▶ **WHAT THIS TASK INVOLVES**
In the listing below, find the line that contains "そして湧別川を渡り、左手に大" and the line that contains "通帳も入る、薄型長財布。バッ". Quote both and every line between them, exactly, and nothing more.

▶ **SOURCE RECORDS**
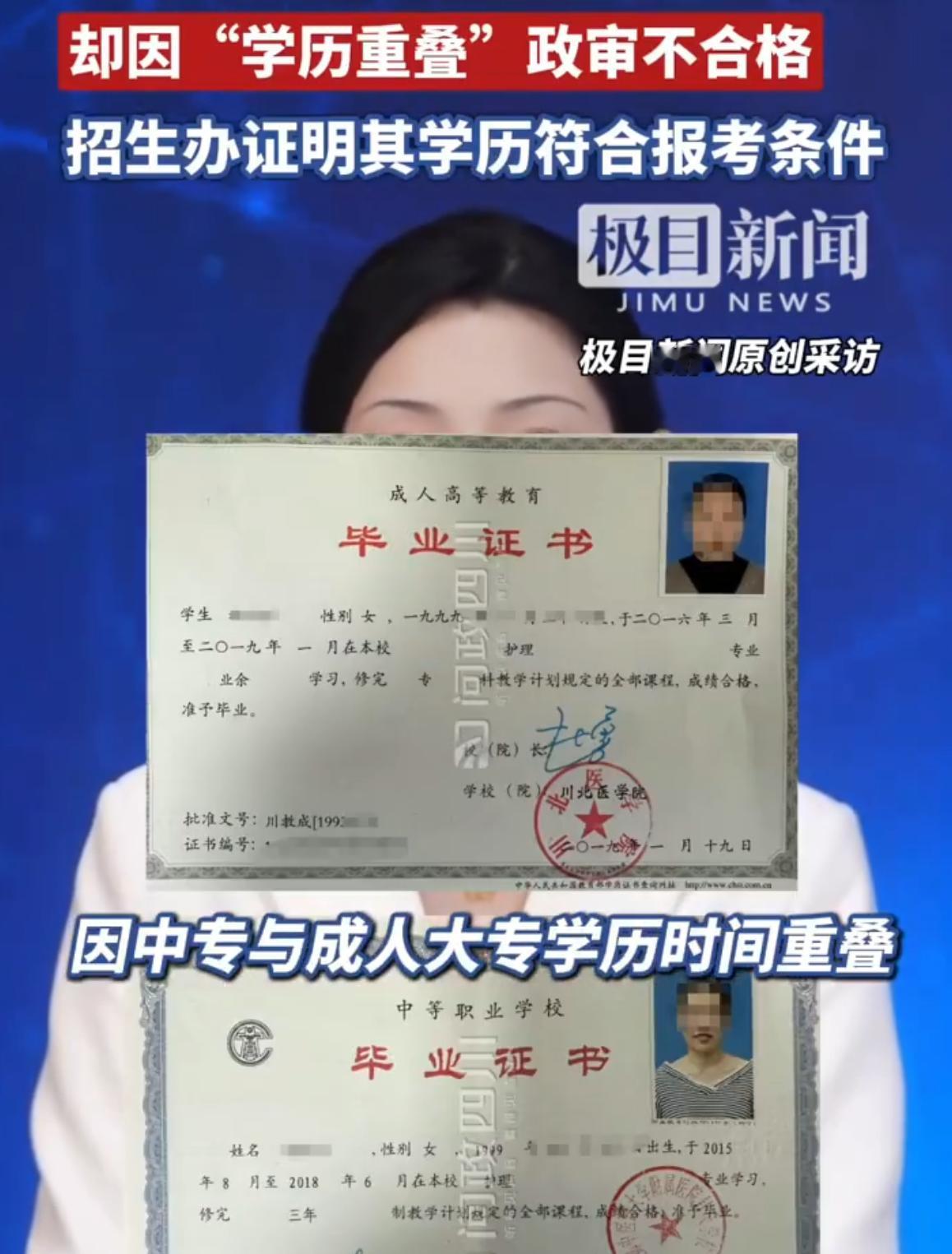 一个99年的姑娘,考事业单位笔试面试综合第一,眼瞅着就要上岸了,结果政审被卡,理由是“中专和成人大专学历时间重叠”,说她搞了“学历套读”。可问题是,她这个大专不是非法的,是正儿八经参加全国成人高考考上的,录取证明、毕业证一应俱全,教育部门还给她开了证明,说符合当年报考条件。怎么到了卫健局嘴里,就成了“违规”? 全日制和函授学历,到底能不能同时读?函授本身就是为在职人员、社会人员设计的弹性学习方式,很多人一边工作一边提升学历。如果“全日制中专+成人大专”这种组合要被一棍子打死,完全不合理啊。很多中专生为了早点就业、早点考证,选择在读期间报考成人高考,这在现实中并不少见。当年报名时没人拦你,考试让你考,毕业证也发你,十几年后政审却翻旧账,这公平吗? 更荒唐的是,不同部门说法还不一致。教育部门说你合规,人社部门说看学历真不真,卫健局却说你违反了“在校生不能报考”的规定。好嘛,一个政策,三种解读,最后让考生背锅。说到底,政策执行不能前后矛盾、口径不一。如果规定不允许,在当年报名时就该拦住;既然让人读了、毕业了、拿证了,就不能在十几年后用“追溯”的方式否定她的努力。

--

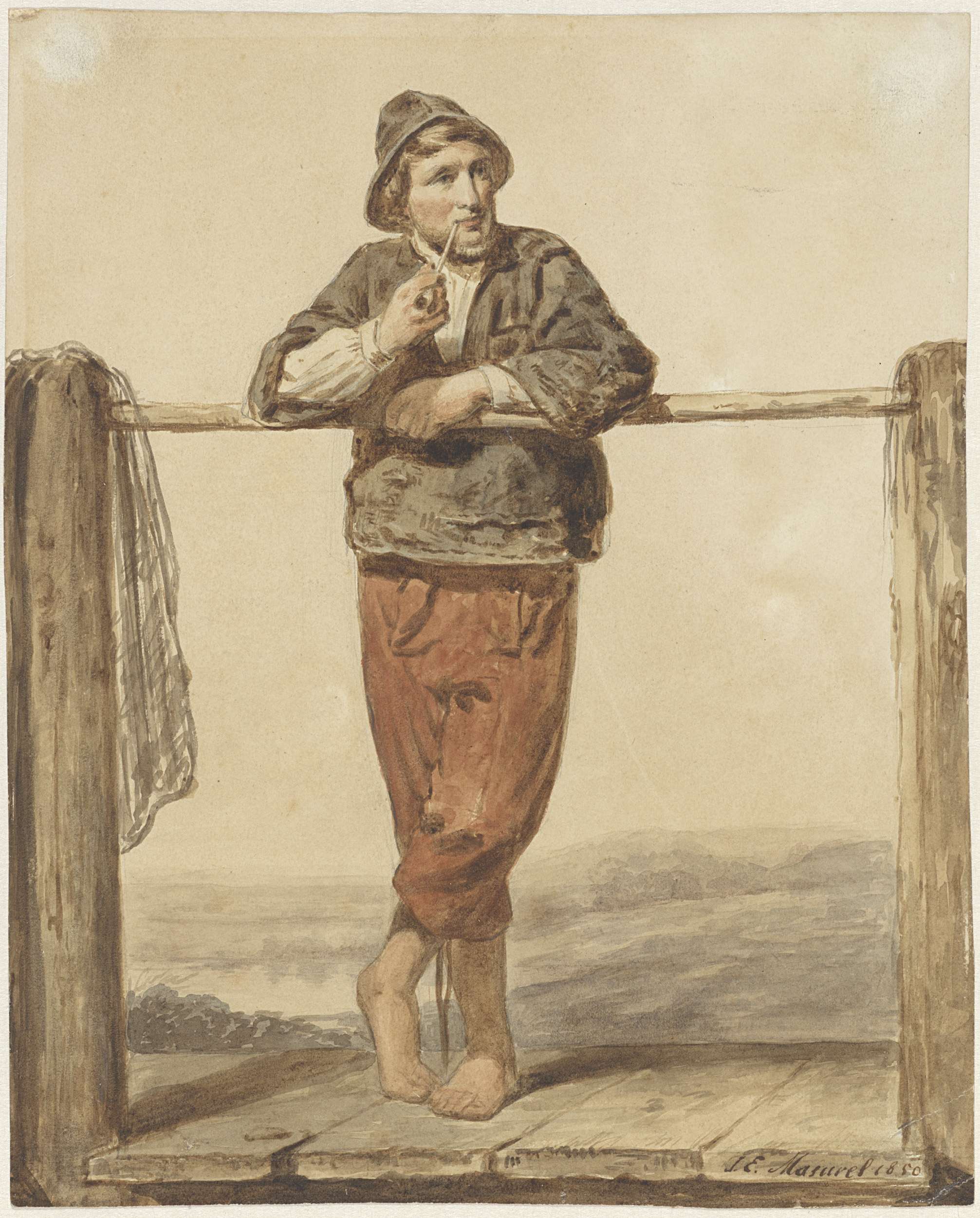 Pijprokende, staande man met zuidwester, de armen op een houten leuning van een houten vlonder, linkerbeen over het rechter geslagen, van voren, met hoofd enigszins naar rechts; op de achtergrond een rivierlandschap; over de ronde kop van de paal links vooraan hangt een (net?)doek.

* * *

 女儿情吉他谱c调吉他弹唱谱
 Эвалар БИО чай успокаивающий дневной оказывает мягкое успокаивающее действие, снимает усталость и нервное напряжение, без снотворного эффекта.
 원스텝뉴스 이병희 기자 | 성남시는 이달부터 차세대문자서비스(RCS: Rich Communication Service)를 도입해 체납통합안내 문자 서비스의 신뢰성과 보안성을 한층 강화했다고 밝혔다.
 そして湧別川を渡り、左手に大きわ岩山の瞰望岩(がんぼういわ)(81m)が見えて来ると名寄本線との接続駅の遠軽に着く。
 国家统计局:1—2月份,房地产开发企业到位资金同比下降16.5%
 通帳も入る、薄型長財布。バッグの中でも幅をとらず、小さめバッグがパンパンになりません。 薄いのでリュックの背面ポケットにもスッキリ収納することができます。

▶ **TASK OUTPUT**
 そして湧別川を渡り、左手に大きわ岩山の瞰望岩(がんぼういわ)(81m)が見えて来ると名寄本線との接続駅の遠軽に着く。
 国家统计局:1—2月份,房地产开发企业到位资金同比下降16.5%
 通帳も入る、薄型長財布。バッグの中でも幅をとらず、小さめバッグがパンパンになりません。 薄いのでリュックの背面ポケットにもスッキリ収納することができます。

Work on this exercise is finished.